Agents

June 26, 2025
AIAgentsLLMs

Quick Start

Google recently open-sourced Gemini CLI, an AI agent that lives in the terminal. You can quickly get it running with:

npm install -g @google/gemini-cli
gemini

 ███            █████████  ██████████ ██████   ██████ █████ ██████   █████ █████
░░░███         ███░░░░░███░░███░░░░░█░░██████ ██████ ░░███ ░░██████ ░░███ ░░███
  ░░░███      ███     ░░░  ░███  ░███░█████░███  ░███  ░███░███ ░███  ░███
    ░░░███   ░███          ░██████    ░███░░███ ░███  ░███  ░███░░███░███  ░███
     ███░    ░███    █████ ░███░░█    ░███ ░░░  ░███  ░███  ░███ ░░██████  ░███
   ███░      ░░███  ░░███  ░███ ░███      ░███  ░███  ░███  ░░█████  ░███
 ███░         ░░█████████  ██████████ █████     █████ █████ █████  ░░█████ █████
░░░            ░░░░░░░░░  ░░░░░░░░░░ ░░░░░     ░░░░░ ░░░░░ ░░░░░    ░░░░░ ░░░░░

What is an “Agent”?

✨ Insight

AI agents are systems that can think, act, and learn from results. Unlike chatbots that only generate text, agents interact with the world through tools and APIs to complete real tasks.

The core pattern is the Thought-Action-Observation (TAO) loop:

Loading diagram...

Agents are Just Programs

✨ Insight

Agents don't contain AI models! The Gemini CLI is simply a program that makes API calls to Google's external LLM servers. It's no different from a weather app calling a weather API—the intelligence lives in the "cloud", not in your terminal.
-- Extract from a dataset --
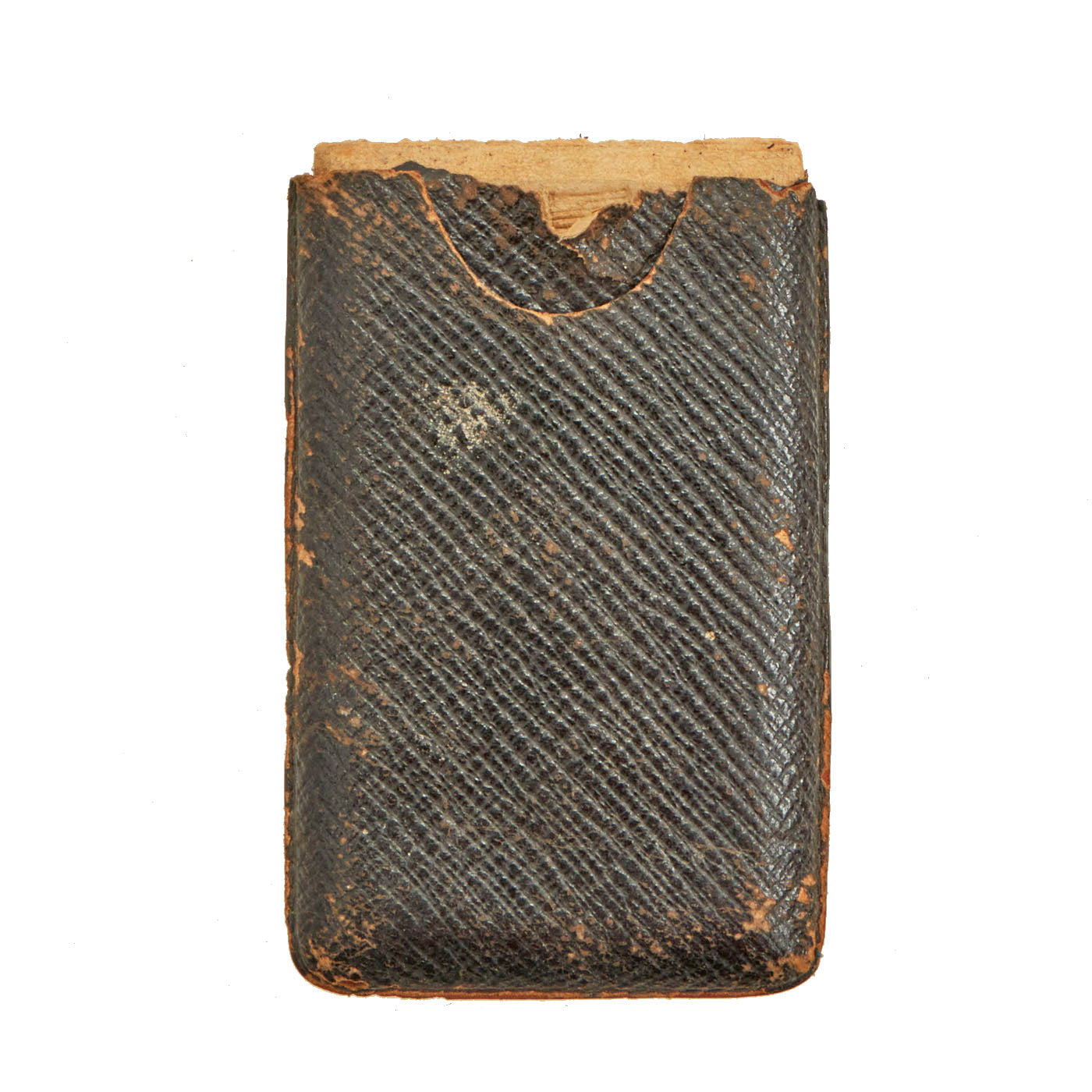 The last two items in this grouping are the wallet and cribbage board he mentioned in his notes. The leather wallet measures 7” x 3 ½” while folded. There are pockets on both sides of the wallet and in one of the pockets is a small mirror. The cribbage board is in a leather sleeve and measures 3 ½” x 2”. The board is in worn condition but is undamaged. The best part of this cribbage board is that all 4 tiny pegs are still inside the leather storage pockets inside of the board!

The entire “agent” is just orchestration code:

Loading diagram...


From Theory to Practice

When you ask “How many files are in the src directory?”, the agent doesn’t guess—it uses the TAO loop to gather real information. The key difference: agents perform real-world actions, while chatbots only process training data.

Loading diagram...


How Gemini Works: Streaming Architecture

Google built Gemini CLI around a streaming-first design that processes events in real-time. Instead of waiting for complete responses, it streams thoughts, actions, and results as they happen.

The Four Core Components

🔄 Conversation Manager

Handles the back-and-forth with Google's AI and manages conversation history

⚙️ Tool Scheduler

Manages when and how tools run, including safety approvals

🔧 Tool Registry

Library of available actions like reading files, running commands, web searches

🖥️ User Interface

Terminal display that shows everything happening in real-time

Loading diagram...

Safety and Control

Gemini CLI has three safety modes:

  • 🛡️ DEFAULT: Ask permission for dangerous operations (delete files, run commands)
  • ⚡ AUTO_EDIT: Auto-approve file edits, but ask for everything else
  • 🚀 YOLO: Run everything automatically (for experienced users)

✨ Smart Safety

The system can tell the difference between safe operations (reading files) and dangerous ones (deleting files). It only asks permission when it actually matters.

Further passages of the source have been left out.